2. For One Night Only

When he peels the car away from the kerb he thinks that of all the mistakes he's made about Brenda Leigh Johnson, this is the worst. Certainly the most stupid and he has had plenty of experience with stupid things.

Putting a move on your boss ranks pretty high on the scale, especially when she's the ex of the big boss and he wonders vaguely if Pope has managed to get her back, which would just make everything perfect.

She's an impossible human being and he concentrates on that fact for a moment, nearly running a red light and braking just in time. A hurricane of a woman: clever, tough-minded and a little crazy; and the worst part of it is that he likes those things in a woman.

He licks the taste of her from his lips, rich and deep like the wine she'd been drinking and just as addictive. He wonders if maybe he should go to a meeting; he imagines shuffling into the back, tripping over the feet of the guy who's spent the day hanging around outside a bar without going in and is now crying to himself (because there's always one like that) and standing up to confess to being whatever it is you'd call someone who's stuck on Brenda Leigh. That would be an idiot, a small part of his brain tells him and he has to agree.

But then decides no, he'll handle this, and that just for now, for this one night only he'll be an addict again. For tonight he'll give in, he'll revel in her, the memory of her, the way she had said his name. Andy. Two simple syllables given a cadence by her accent that he had never heard before. Breathiness behind it and he imagines her saying it again, sighing it.

After tonight he'll catch hold, push it down deep, lock her away along with all the other things he's given up. Another memory that he won't take out and look at because it's safer that way. Need is something he's learnt to control, to deal with in small doses.

But for now he allows himself the luxury. The traffic light turns to green, to red, and back again before he notices and the car judders through the intersection. He should have known, he reflects, that she would have this effect, in the end; she can stand everyone else on their head so there's no reason why he should be immune.

Working for her was, once, a form of not-so-subtle torture; it is still torture, but of a different kind and one that he took on willingly. If she had thrown him to the wolves, and he admits that he couldn't have blamed her, he could still have been nursing his hostility but then there wouldn't be this; this, whatever it is, and he isn't sure that he wants to give it up. He feels light-headed, like after the first hit of a cigarette but stronger, and for a moment he thinks that he'd do anything- Maybe this is what the real junkies feel and maybe he'll have a bit more sympathy for them from now on, but probably not.

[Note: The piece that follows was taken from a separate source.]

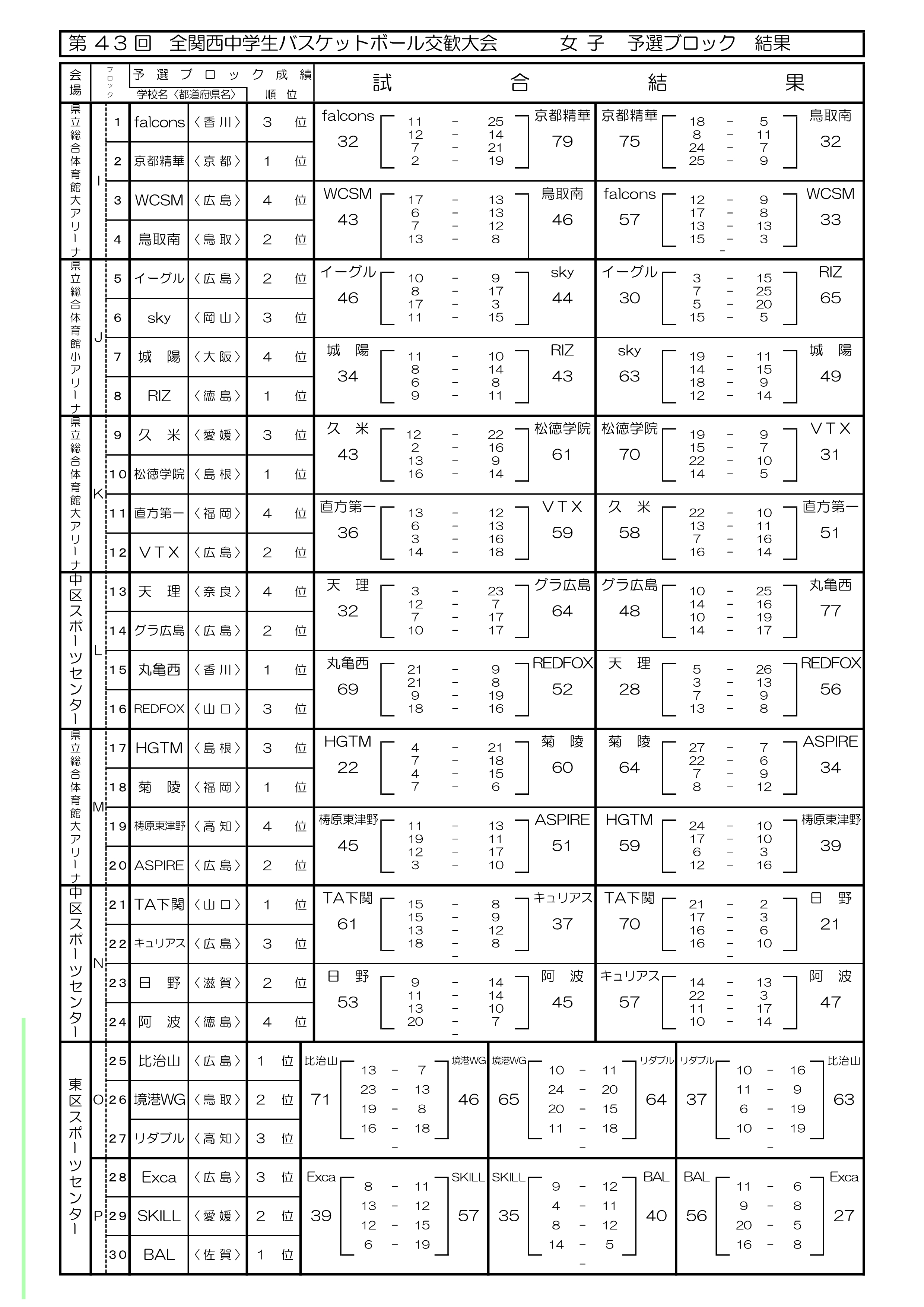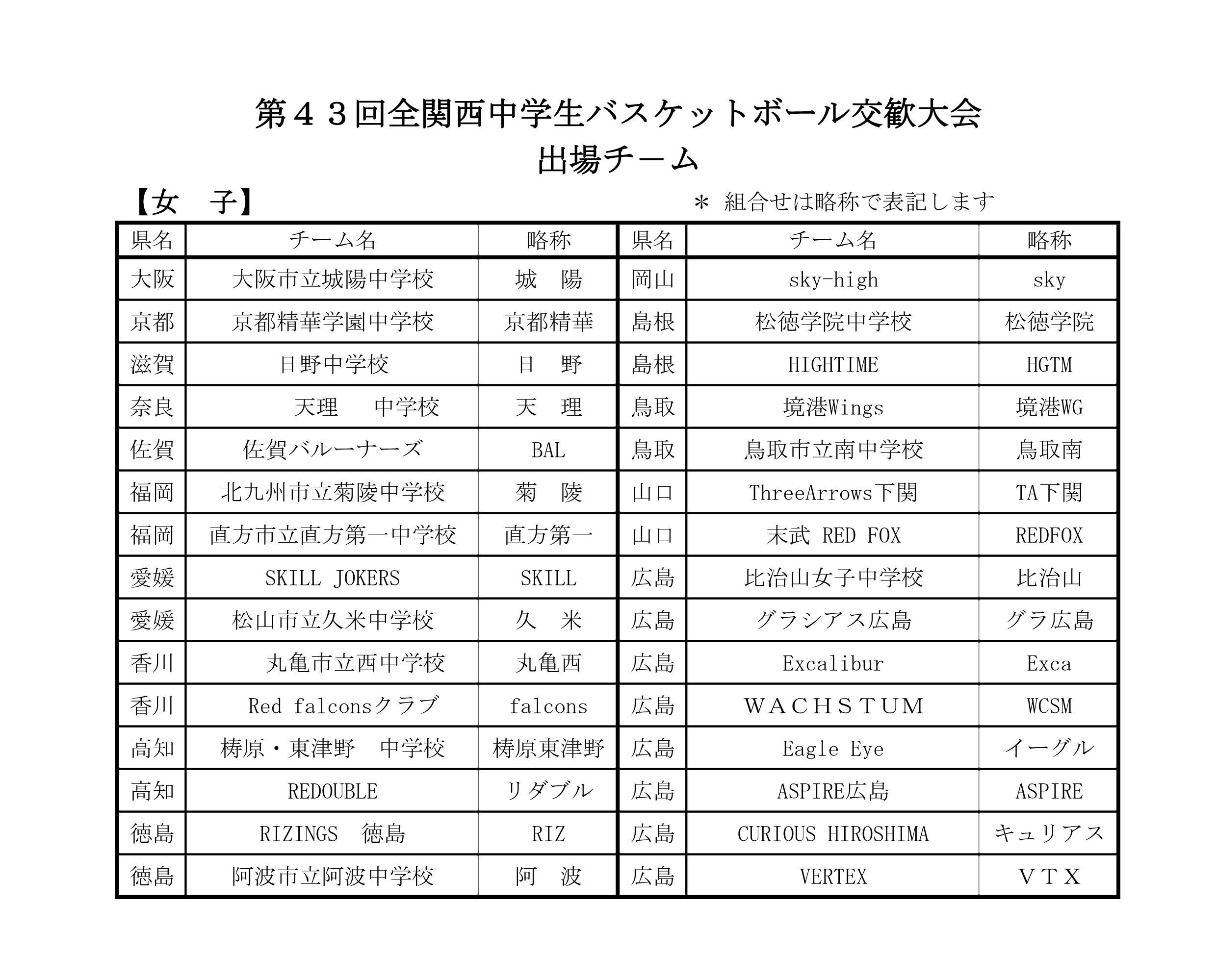 | 第43回全関西中学生 バスケットボール交歓大会 |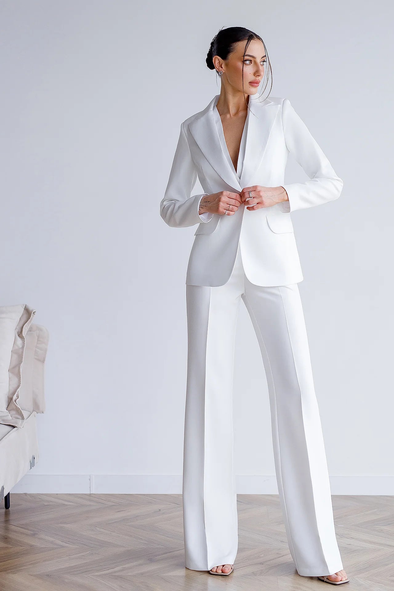 Costum damă Maison Loulou, format din sacou scurt cu design arhitectural și pantaloni cu croi evazat. O ținută statement, modernă și sofisticată, realizată în atelierul nostru, ideală pentru evenimente, apariții elegante sau momente speciale în care vrei să ieși în evidență. Croiala feminină, liniile curate și intensitatea culorii creează un look spectaculos și rafinat.

Back home, his own place, on safe ground. He wonders if she's still awake, scouring the house for the stash of candy he knows she'll have somewhere, the cat trailing along behind her. Perhaps she's already in bed, gold hair tangled across her pillow and he lingers on that image for a while. He's allowing himself that.

Even with city blocks between them she is still overwhelming. There was a time, for a long time, when he liked to be lost and he could be lost again, over her. He'll be lost, just for a few hours, just until morning and then-

And then they'll go back to the way it was before and the next time the squad goes out they'll sit at opposite ends of the tables and he won't drive her home.

He thought he'd left the scent of her perfume behind but he can still smell it.

The rooms are too quiet. Turn on the stereo, whatever was playing the last time starts up again, sound filling up the speakers and spilling out into the darkness of his home. The arrangement of strings is instantly familiar. Sinatra, of course, the last really good one, Point of No Return,1962. The smile that greets it is grim. It's ironic, he thinks, and he really hates irony.